The obtained resulted revealed that fertilization treatments significantly
stimulated most of the studied characters compared to the control. Yeast combined
with half dose of NPK significantly resulted the highest values of plant height, fresh
and dry weight of herb and flowers per plant and feddan (an Egyptian measure of
area, equals 4200 m2), oil percent and oil yield of herb and flowers.
The major components of phenolic compound in herb or flowers were: rutin,
salycilic acid, ferulic acid, caffic acid pyrogallic acid, amounting to 89.1 and 77.8% of
phenolic compounds in herb and flowers, respectively.
Yeast combined with NPK gave the highest antioxidant activity at 100 µl
extractions in both herb and flowers, while compost plus NPK and azotobacter plus
NPK led to the highest antioxidant activity in herb and flowers, respectively at 150 or
200 µl extractions.
EM + NPK resulted the highest percentage of rutin or cumarin in rue leaves
the yeast combined with NPK treatment produced the largest production of the two
compounds/ plant, as compared to other fertilizer treatments, since yeast + NPK gave
the highest yield of herb.
Twenty eight compounds were detected in herb oil, comprised 98.26% of the
oil, seven of them was hydrocarbons but 21 were oxygenated. Whereas in the oil of
flowers, 25 compounds were detected constituting 99.40%, nine of them were
hydrocarbons against 16 oxygenated. The major constuents of the oils, in descending
order were: 2-Undecanone, 1-Undecene and 2-Nonene. They amounted to about 78.4
and 80.9% of herb and flowers oil, consecutively. However, the 2-Undecanone
compound for more than half of the oils.
Keywords: rue (Ruta graveolens L.); Yeast; EM; Azotobacter.
INTRODUCTION
Rue (Ruta graveolens L.), a member of family rutaceae, is an annual
medicinal herb, native to the temperate zone (Bradly, 1998). The genus Ruta acquired
its same from its main constituent rutin, responsible for bitter taste of rue, a
polyphenolic flavonole glycoside containing the disaccharide rutinase as sugar
component (Migud, 2003 and Kugovkina et al, 2004).
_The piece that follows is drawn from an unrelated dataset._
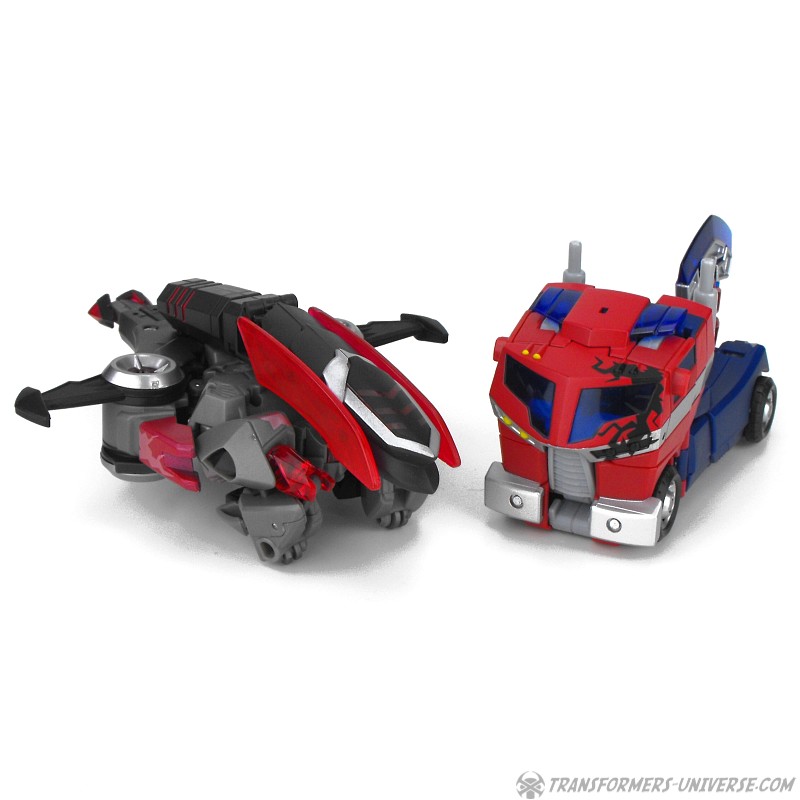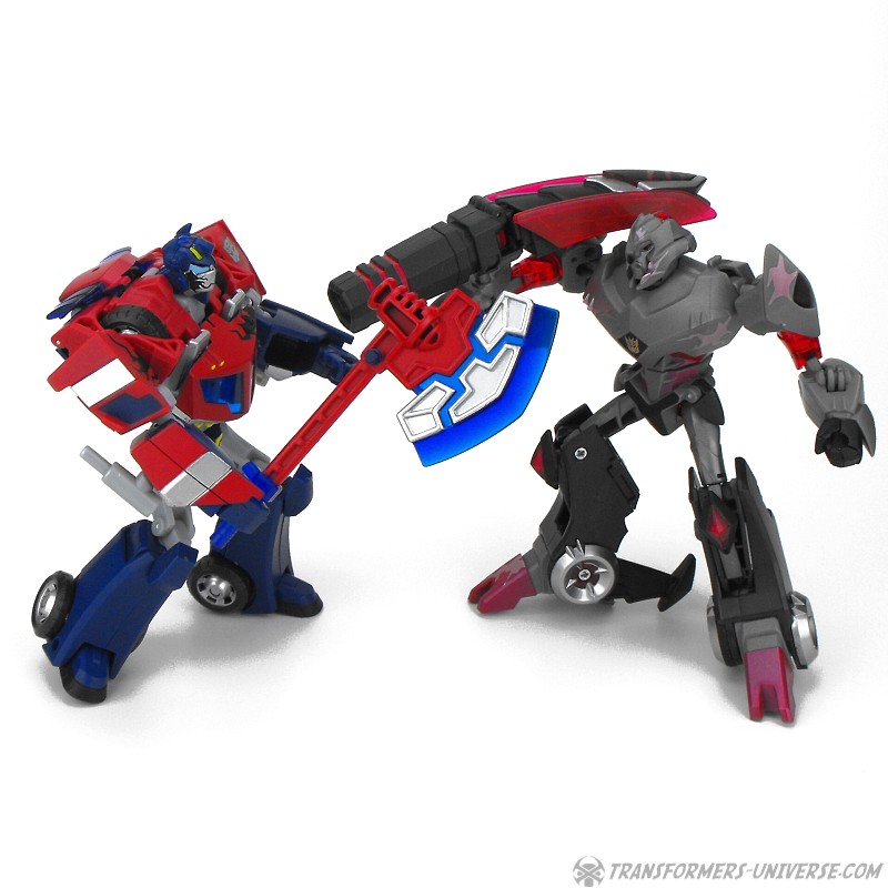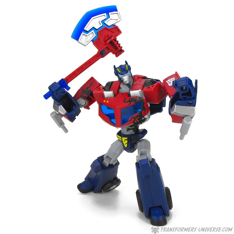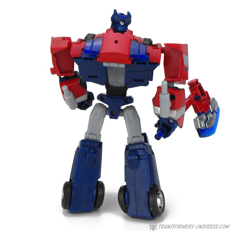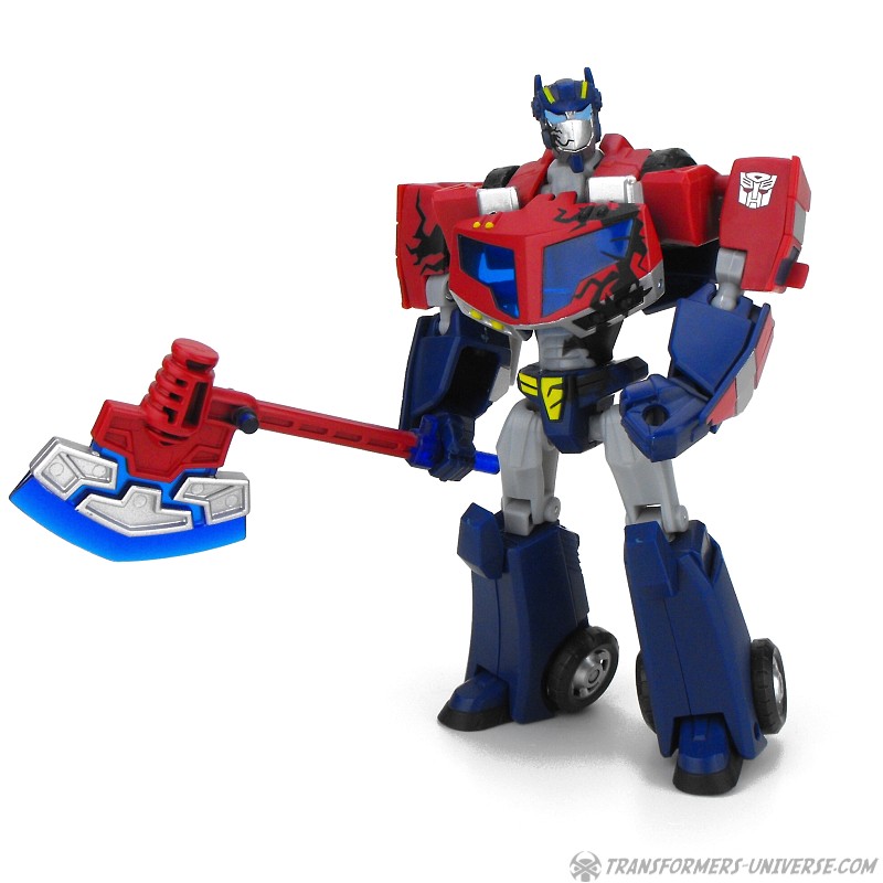 Remarks: Naturally there are multiple versions of Optimus Prime in the Animated series (hopefully not quite as many as there were in the Movie line). This version of Prime here came in a two-pack dubbed "Battle Begins" along with Deluxe Megatron and a DVD containing the first episode of the Animated cartoon series. The choice of pairing Earth mode Prime with Cybertron mode Megatron aside, it's a very nice two-pack and worth getting for both figures. While I wouldn't say that Battle Begins Prime is better than Cybertron mode Prime, he is just as good and with just enough differences between the two to justify getting both (if you're so inclined). Besides, I plan on using Battle Begins Prime's axe once I get Voyager Prime, whose axe pretty much sucks (at least judging by the pictures I've seen). So bottom line, the two-pack is well worth getting for all fans of Prime and Megatron.

It has a widespread reputation as a popular folk medicine in various countries.
In China, the leaves are applied to reduce inflammation from snake bites, insect bites,
strains and sprains and antispasmodic for smooth muscles. Unani medicine of India
recommends rue to treat various physical conditions and to improve mental clarity
and as an aphrodisiac. In Latin America rue is well-known as cold, menstrual cramp
remedy, where an ointment is applied for gout and rheumatic pains, and strong rue tea
compresses are placed on the chest for bronchitis, and it is used to kill intestine
parasites. Arabs add rue to suspect water to counteract any ill effect in South Africa,
women use rue to promote menstruation (Pino et al, 1997; Atta and Alkofahi, 1980;
Miguel, 2003; Chavez et al, 2003 and Steenkampt, 2003).
Recent research works indicated many beneficial uses of rue. The medicinal
action of common rue would be abortificient, anthilimintic, antiseptic, antispasmodic,
carminative, irritant and stomachic. Rue was once officially recognized treatment for
hypertension, diabetes and allergic reaction (Browner, 1985).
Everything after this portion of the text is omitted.